:: DESCRIPTION OF THE TASK ::
Beginning at the line that contains "Rezervuari Krasta e Madhe" and finishing at the line that contains "Baujahr 1918 (O&K), Umbau", output the data below exactly. Include both end lines and no pictures.

:: DATA EXTRACTS ::
--------------------------------
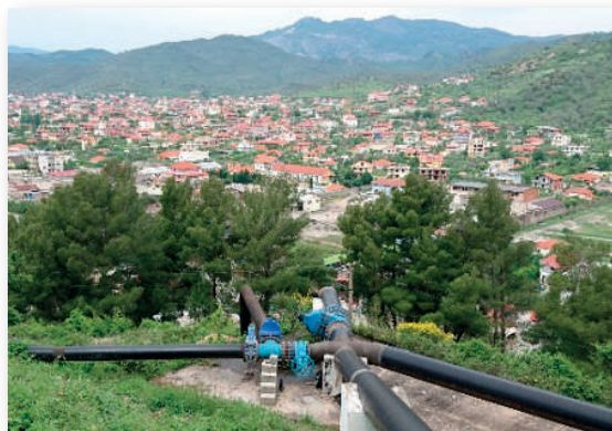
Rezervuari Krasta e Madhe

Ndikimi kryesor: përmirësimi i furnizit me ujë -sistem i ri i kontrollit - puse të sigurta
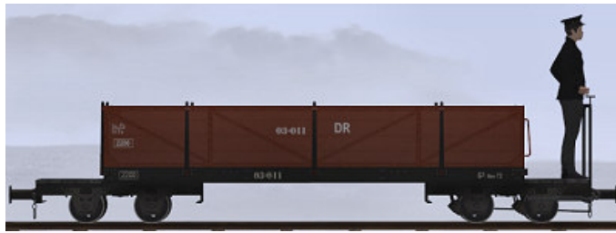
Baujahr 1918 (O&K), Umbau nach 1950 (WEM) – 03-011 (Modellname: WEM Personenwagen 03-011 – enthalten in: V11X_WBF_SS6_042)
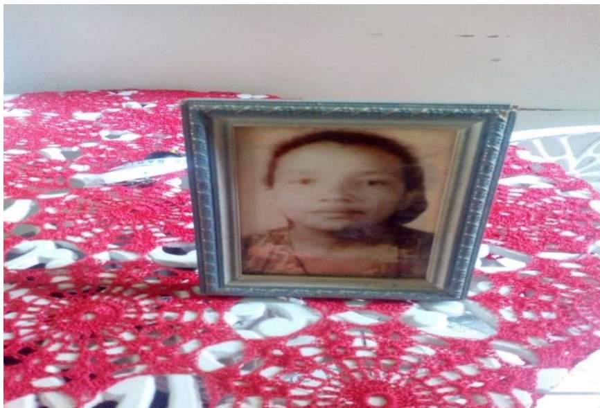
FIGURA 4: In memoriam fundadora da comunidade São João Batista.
--------------------------------
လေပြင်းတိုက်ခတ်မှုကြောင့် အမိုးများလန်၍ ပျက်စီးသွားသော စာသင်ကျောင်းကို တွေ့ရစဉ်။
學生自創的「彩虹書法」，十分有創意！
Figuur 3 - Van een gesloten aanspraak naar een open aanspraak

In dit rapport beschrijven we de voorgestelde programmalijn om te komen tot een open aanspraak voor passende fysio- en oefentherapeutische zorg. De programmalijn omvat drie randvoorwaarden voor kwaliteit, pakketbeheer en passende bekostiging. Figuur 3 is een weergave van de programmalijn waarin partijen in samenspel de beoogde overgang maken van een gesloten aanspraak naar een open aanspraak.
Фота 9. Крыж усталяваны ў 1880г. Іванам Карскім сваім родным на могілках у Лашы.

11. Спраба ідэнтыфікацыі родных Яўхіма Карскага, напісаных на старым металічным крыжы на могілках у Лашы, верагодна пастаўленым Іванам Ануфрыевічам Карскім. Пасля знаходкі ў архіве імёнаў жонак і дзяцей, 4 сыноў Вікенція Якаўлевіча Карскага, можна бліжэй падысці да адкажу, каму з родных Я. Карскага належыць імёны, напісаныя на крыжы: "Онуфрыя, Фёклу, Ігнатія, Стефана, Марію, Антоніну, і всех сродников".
--------------------------------
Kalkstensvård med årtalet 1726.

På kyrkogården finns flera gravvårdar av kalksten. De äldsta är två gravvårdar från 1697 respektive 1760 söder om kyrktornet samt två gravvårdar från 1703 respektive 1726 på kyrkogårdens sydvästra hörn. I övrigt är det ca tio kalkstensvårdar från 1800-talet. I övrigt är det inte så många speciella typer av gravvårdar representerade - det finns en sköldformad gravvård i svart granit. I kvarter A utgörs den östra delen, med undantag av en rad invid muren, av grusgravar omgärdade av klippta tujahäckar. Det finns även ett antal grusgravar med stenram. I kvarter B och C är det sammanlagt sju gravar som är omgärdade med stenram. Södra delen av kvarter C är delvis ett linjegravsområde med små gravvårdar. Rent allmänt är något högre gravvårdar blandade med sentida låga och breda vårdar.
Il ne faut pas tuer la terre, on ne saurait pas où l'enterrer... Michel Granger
--------------------------------
:: RESULT FOR THIS EXERCISE ::
Rezervuari Krasta e Madhe

Ndikimi kryesor: përmirësimi i furnizit me ujë -sistem i ri i kontrollit - puse të sigurta
Baujahr 1918 (O&K), Umbau nach 1950 (WEM) – 03-011 (Modellname: WEM Personenwagen 03-011 – enthalten in: V11X_WBF_SS6_042)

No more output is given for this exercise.